▶ **Task brief**:
Search the data below, and report every line in which "massive" occurs.

=== Section Start ===

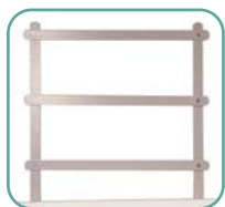
3-Tier Back Rail (MD30-RBR3)
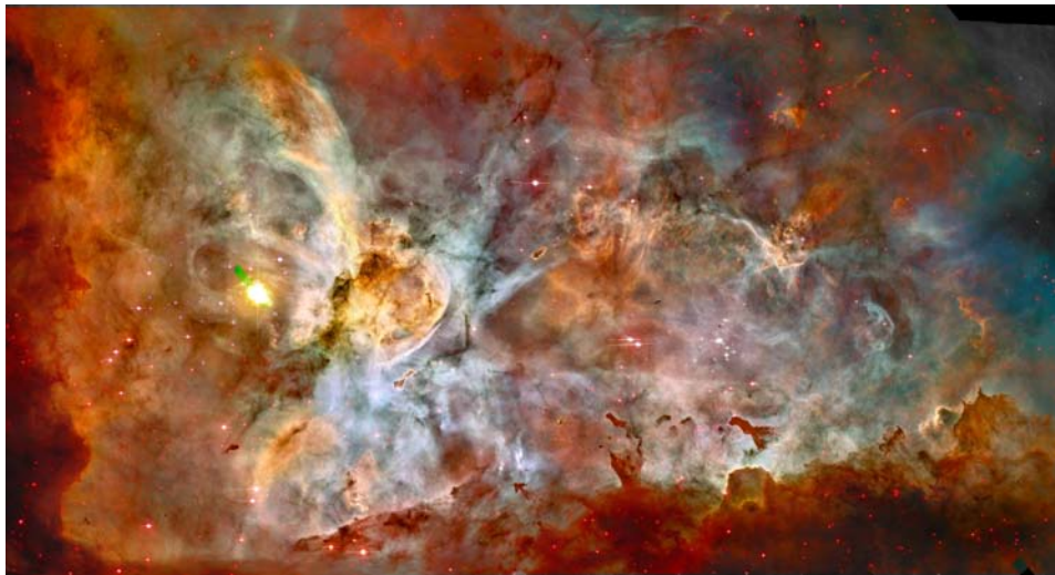
Figure 1 – the HST mosaic of the Carina Nebula (Smith et al 2008). This is the kind of dataset that, when replicated across all massive star forming regions within 2-2.5 kpc of the Sun, will yield a dataset capable of unlocking the secrets of star formation as a global process

Observations, theory and numerical simulations have led to major paradigm shifts in this simple description of star and planet formation. First, the birth of isolated stars from a quiescent dark cloud is rare. Observations have shown that most stars form in turbulent giant molecular clouds with supersonic motions having Mach numbers of 10 to 100. Second, most stars form in dense clusters in close proximity to tens, hundreds, or even thousands of other stars. Some siblings are massive stars with powerful stellar winds, intense UV radiation fields, and violent and explosive deaths that dramatically affect the surrounding ISM. The vast majority of normal stars, probably including our own Sun, formed in such OB associations. Feedback of light, energy, and matter drives and regulates cloud formation, gravitational collapse, and the properties of the individual stars, multiple systems, and the clusters that form. These stochastic turbulent processes appear to be fundamental to understanding the origin and distribution of stellar masses and other stellar properties.
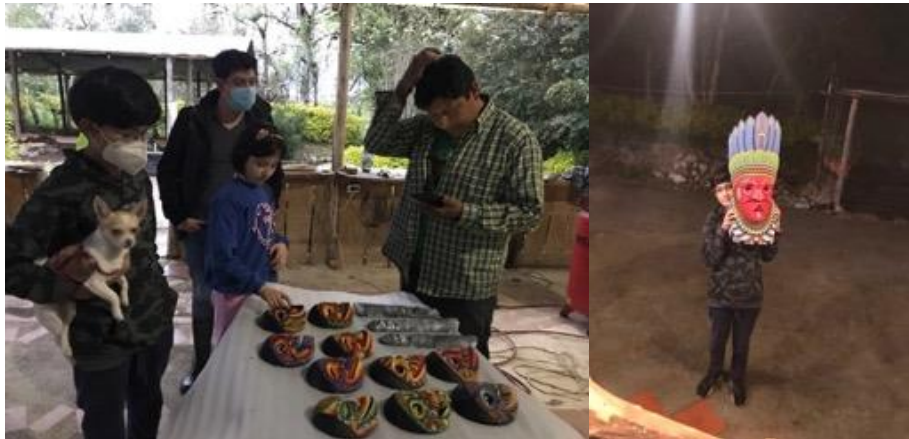
Rico, M. 2023. Ethnoeducation and Culture. Kamëntzä Culture. Sibundoy – Alto Putumayo- Colombia.

Culture and the environment are fundamental pillars in the new educational model, thus the configuration of the space called territory breaks the barriers and launches itself into a strong challenge of crossing borders, allowing new intercultural synergies with awareness of uses, resources and new technologies. With which it is counted, giving way to new world scenarios that resignify what inhabited and meant education in culture.

=== Section End ===

▶ **Answer to this problem**:
Figure 1 – the HST mosaic of the Carina Nebula (Smith et al 2008). This is the kind of dataset that, when replicated across all massive star forming regions within 2-2.5 kpc of the Sun, will yield a dataset capable of unlocking the secrets of star formation as a global process
Observations, theory and numerical simulations have led to major paradigm shifts in this simple description of star and planet formation. First, the birth of isolated stars from a quiescent dark cloud is rare. Observations have shown that most stars form in turbulent giant molecular clouds with supersonic motions having Mach numbers of 10 to 100. Second, most stars form in dense clusters in close proximity to tens, hundreds, or even thousands of other stars. Some siblings are massive stars with powerful stellar winds, intense UV radiation fields, and violent and explosive deaths that dramatically affect the surrounding ISM. The vast majority of normal stars, probably including our own Sun, formed in such OB associations. Feedback of light, energy, and matter drives and regulates cloud formation, gravitational collapse, and the properties of the individual stars, multiple systems, and the clusters that form. These stochastic turbulent processes appear to be fundamental to understanding the origin and distribution of stellar masses and other stellar properties.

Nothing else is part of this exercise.